┌─ THE DATA
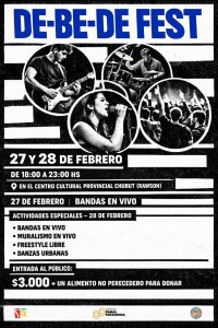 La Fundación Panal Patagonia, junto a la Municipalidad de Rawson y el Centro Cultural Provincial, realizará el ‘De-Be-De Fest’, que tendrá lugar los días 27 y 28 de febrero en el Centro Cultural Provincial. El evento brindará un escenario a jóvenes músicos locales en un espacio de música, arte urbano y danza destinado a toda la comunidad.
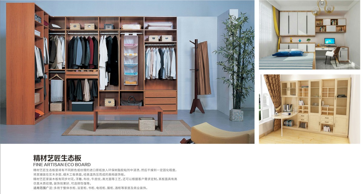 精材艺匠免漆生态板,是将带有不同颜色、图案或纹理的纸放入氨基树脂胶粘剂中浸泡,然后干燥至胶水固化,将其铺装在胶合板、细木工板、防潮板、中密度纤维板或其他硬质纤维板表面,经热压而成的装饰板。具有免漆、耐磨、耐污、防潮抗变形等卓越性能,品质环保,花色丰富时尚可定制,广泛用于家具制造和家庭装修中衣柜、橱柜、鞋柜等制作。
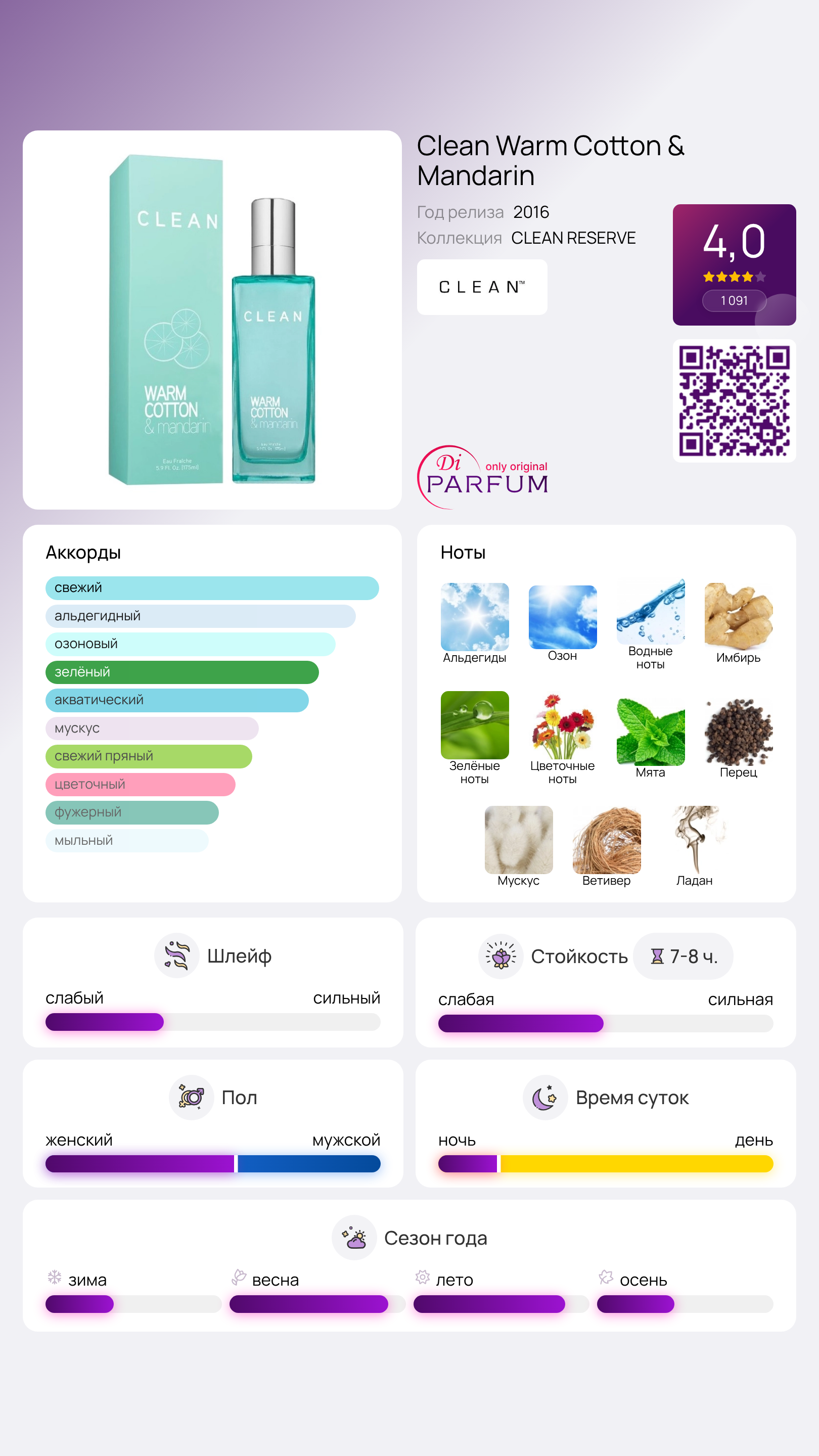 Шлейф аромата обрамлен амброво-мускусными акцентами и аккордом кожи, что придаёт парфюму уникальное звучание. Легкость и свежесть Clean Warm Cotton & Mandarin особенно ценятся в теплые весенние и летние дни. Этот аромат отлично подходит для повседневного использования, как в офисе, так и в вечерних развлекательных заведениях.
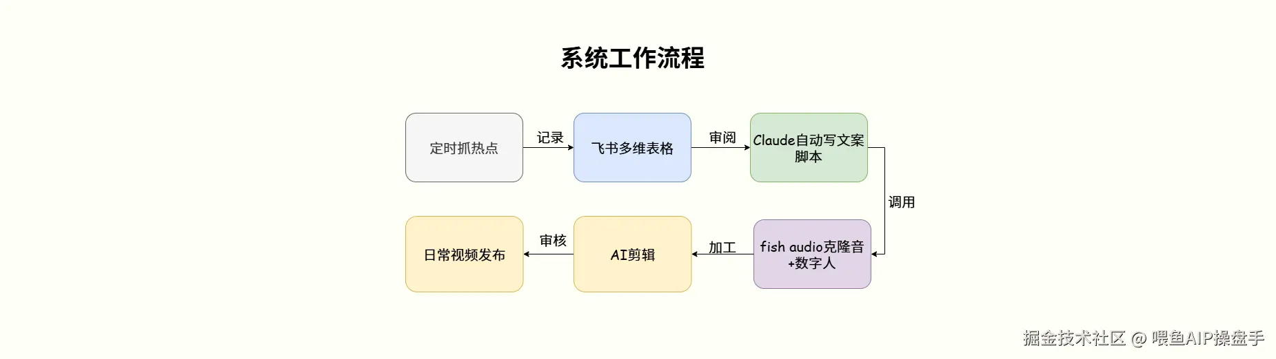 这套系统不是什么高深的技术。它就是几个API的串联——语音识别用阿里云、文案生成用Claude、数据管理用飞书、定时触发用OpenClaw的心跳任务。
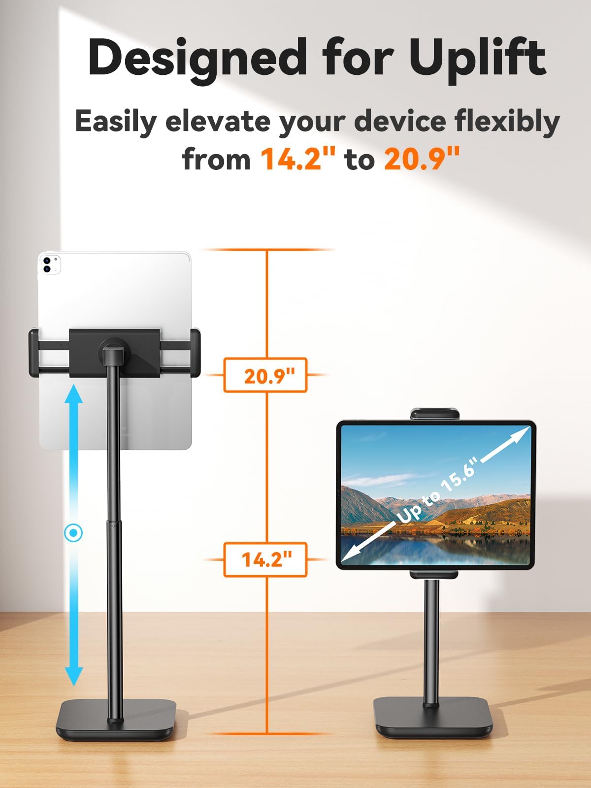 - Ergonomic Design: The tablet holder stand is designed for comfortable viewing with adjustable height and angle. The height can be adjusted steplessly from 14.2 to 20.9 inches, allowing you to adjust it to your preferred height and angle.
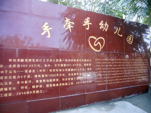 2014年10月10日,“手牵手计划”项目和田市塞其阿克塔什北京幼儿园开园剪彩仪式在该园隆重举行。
└─
┌─ THE DATA
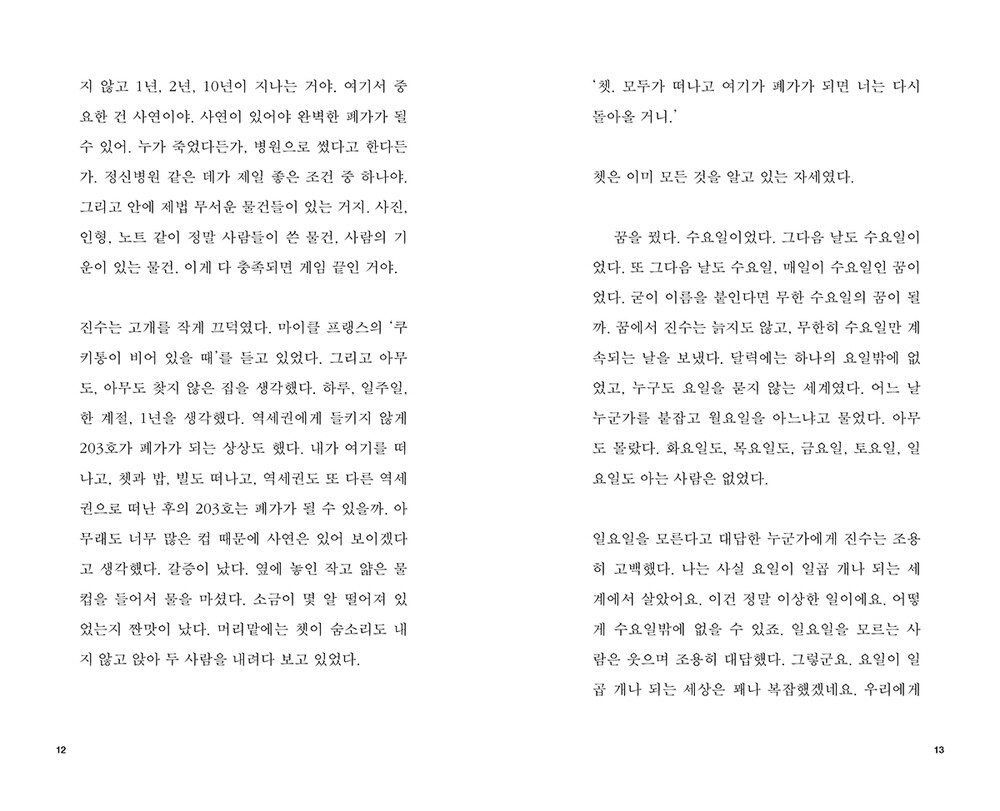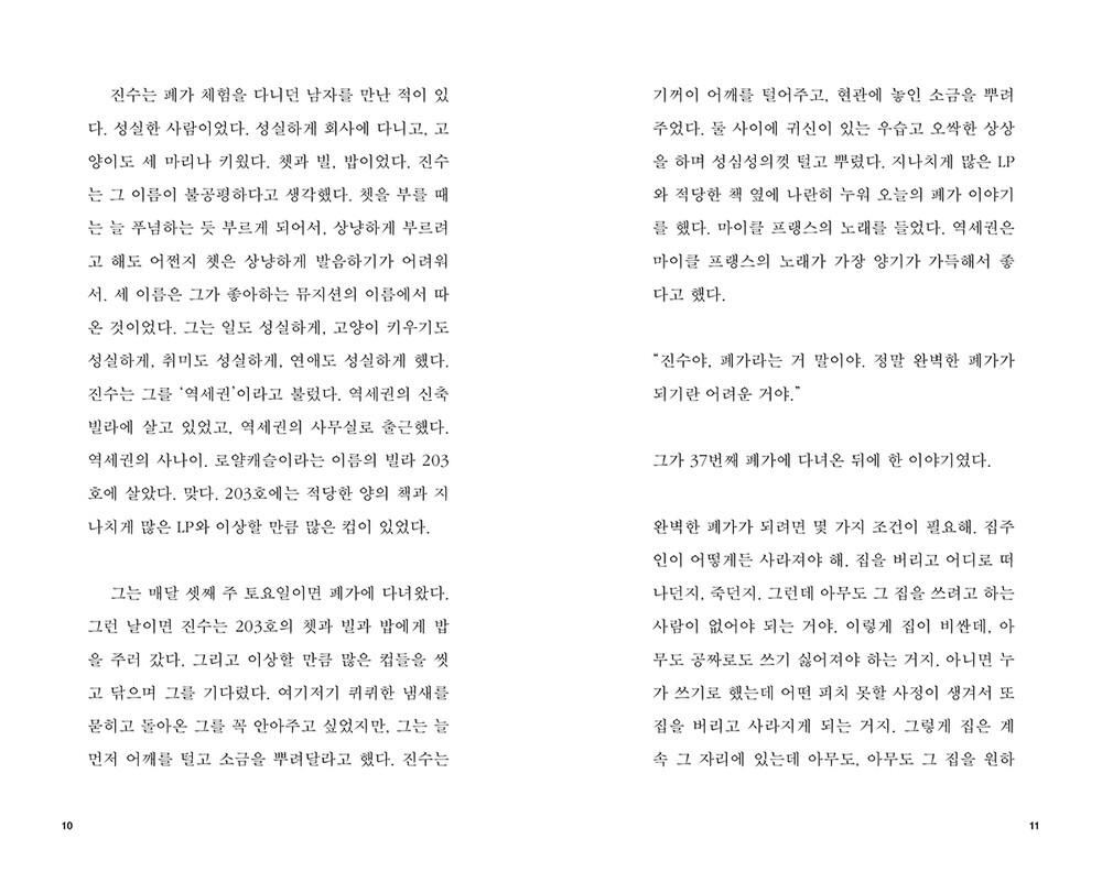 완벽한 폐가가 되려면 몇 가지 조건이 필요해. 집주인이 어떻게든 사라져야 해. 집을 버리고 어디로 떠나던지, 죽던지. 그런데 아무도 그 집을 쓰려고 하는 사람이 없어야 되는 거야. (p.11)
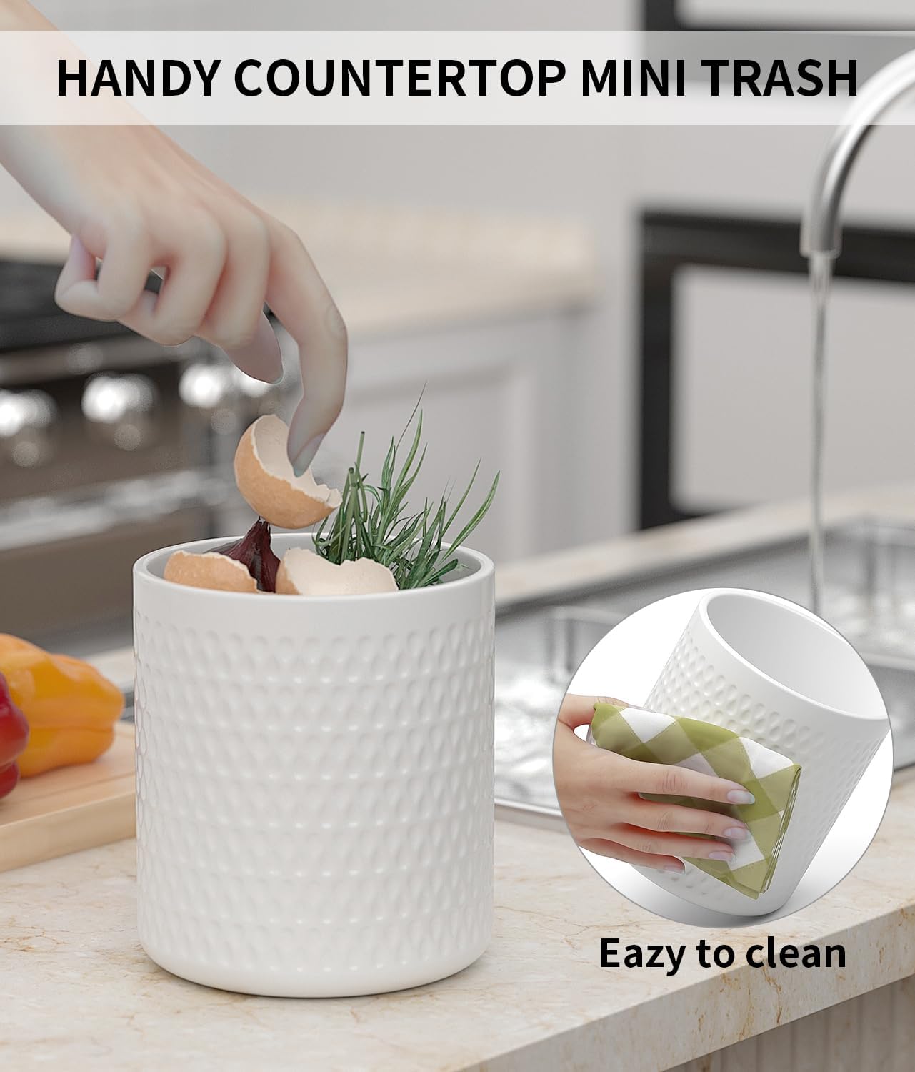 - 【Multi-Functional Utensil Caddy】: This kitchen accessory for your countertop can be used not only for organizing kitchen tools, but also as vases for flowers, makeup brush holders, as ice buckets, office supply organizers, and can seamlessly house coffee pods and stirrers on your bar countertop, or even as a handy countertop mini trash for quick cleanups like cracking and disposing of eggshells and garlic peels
└─
WHAT THE TASK ASKS: Please copy the lines above exactly, starting at the line that holds "완벽한 폐가가 되려면" and ending at the line that holds "- 【Multi-Functional Utensil"; include both, but no pictures.

SOLUTION FOR THIS EXERCISE:
 완벽한 폐가가 되려면 몇 가지 조건이 필요해. 집주인이 어떻게든 사라져야 해. 집을 버리고 어디로 떠나던지, 죽던지. 그런데 아무도 그 집을 쓰려고 하는 사람이 없어야 되는 거야. (p.11)
 - 【Multi-Functional Utensil Caddy】: This kitchen accessory for your countertop can be used not only for organizing kitchen tools, but also as vases for flowers, makeup brush holders, as ice buckets, office supply organizers, and can seamlessly house coffee pods and stirrers on your bar countertop, or even as a handy countertop mini trash for quick cleanups like cracking and disposing of eggshells and garlic peels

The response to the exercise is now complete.